"Lu ngancem gue? Ouhhh.... Takut.." Ujar Bianca berpura-pura takut dengan ancaman Aurel.

"Gue ga main-main ya, kak"

"Kenapa? Lu takut sama gue?" Bianca mengikis jarak antara ia dan Aurel.

Aurel meneguk salivanya susah payah. Demi apapun ia benar-benar takut sekarang. Jika satu lawan satu, mungkin Aurel berani melawan. Tapi masalahnya, Bianca mainnya keroyokan. Bukan apa-apa, Aurel hanya takut jika Bianca nekat mencelakai dirinya.
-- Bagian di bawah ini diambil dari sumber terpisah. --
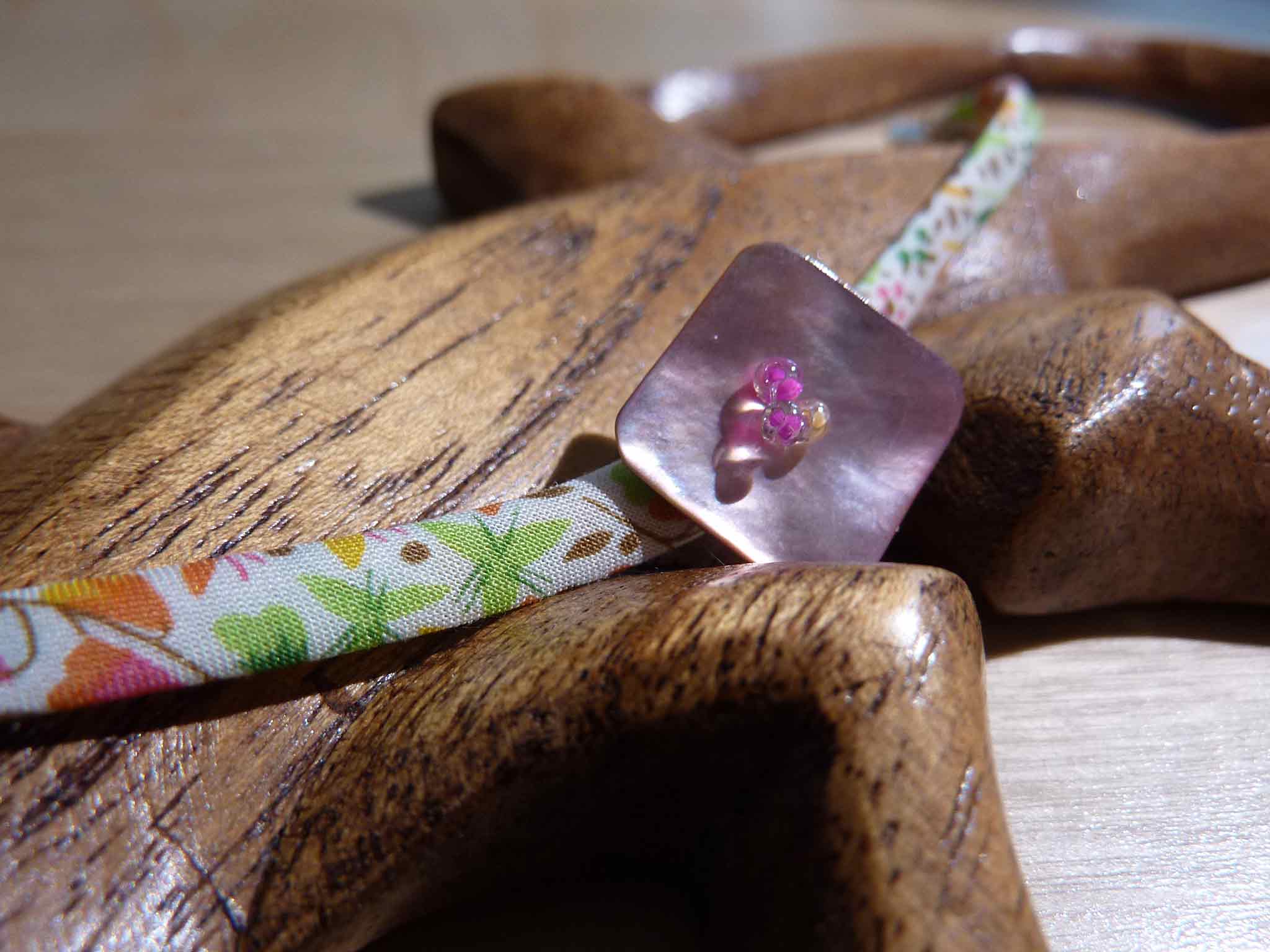 Description : Biais tout fin aux couleurs estivales et un carré de nacre rose.

"Lu ada masalah apa sama gue? Perasaan gue ga pernah nyenggol lu, kak. Gue juga ga pernah ngusik kehidupan lu. Terus kenapa, lu malah gangguin gue?" Dengan sisa keberanian yang ada, Aurel pun bertanya pada Bianca.

"Lu masih tanya salah lu apa? Lu ga sadar kalau lu udah melakukan kesalahan yang sangat fatal, hah? Ga sadar? Atau emang lu yang gatau diri?" Bianca menatap Aurel sinis.

Aurel menggelengkan kepalanya. "Gue ga ngerti, maksud lu apa? Gue salah apa, kak?"

Bianca melirik ke arah Vanya, seolah berkata "Jelasin". Vanya yang peka dengan isyarat gadis itupun mengangguk dan membuka suaranya.

"Lu emang ga pernah ngusik Bianca, tapi lu udah buat masalah besar dengan cara ngerebut Vano dari dia!" Teriak Vanya yang membuat telinga Aurel berdengung.

"Apa? Ngerebut? Gue ga salah dengerkan?" Tanya Aurel yang terkesan mengejek. "Ngerebut dari mananya? Gue ga pernah ngerebut kak Vano dari siapapun! Dia sendiri yang datang ke gue dan minta gue untuk jadi pacarnya. Terus salah gue dimana?"

Amora menarik kuat rambut Aurel, yang mampu membuat gadis itu mendongak dan merintih kesakitan. "Salah lu karena lu mau nerima Vano sebagai pacarnya!"

"Lu tau, gue udah lama suka sama Vano. Harusnya gue yang jadi cewenya, Vano. Bukan lu. Cewe gatau diri yang dengan seenaknya rebut Vano dari gue." Bianca mencengkram kuat dagu Aurel, yang membuatnya kesulitan bernafas.

Merasa terancam, Aurel pun menginjak kaki Bianca agar cengkraman nya terlepas. Setelah Bianca melepas cengkraman pada dagunya. Aurel pun menghirup udara sebanyak-banyaknya.

Aurel mencoba mengatur nafasnya agar lebih tenang. Ia menatap angkuh pada sosok di hadapannya. "Gue yang ngerebut atau lu yang ga bisa dapetin kak, Vano?"

"Sialan, lu berani sama gue?" Teriak Bianca tersulut emosi. Tanpa babibu, gadis itu menyiram seragam Aurel dengan kuah cabai yang dibawanya. Hal itu sontak membuat Aurel tertegun, untung saja kuah itu tidak mengenai matanya.

Aurel menatap Bianca tajam. "Maksud lu apa siram-siram baju gue pake kuah cabai? Lu kira ga panas apa?"

"Itu ga seberapa sama apa yang udah lu lakuin ke gue. Lu udah rebut orang yang gue sayang. Dan lu pantas dapetin ini semua." Bianca menjambak rambut dan membuka paksa mulut Aurel.

"Masukin ke mulut dia!" Bianca menyuruh Amora untuk menyuapkan sesendok sambal pada mulut Aurel. Setelah itu ia memaksa Aurel untuk meminum jus cabai yang juga sudah disiapkannya.

Aurel sampai tersedak hingga mengeluarkan air mata. Lidahnya terasa terbakar. Telinganya panas seperti mengeluarkan api. Ia sangat tersiksa akibat ulah bar-bar Bianca.

Melihat Aurel yang tersiksa membuat Bianca dan antek-anteknya tertawa puas. Mereka sangat puas membully Aurel.

Amora dan Vanya melepas cengkraman mereka dari lengan Aurel.  Melihat badan Aurel yang sedikit oleng membuat Bianca dengan sengaja mendorong tubuh Aurel hingga menghantam tembok.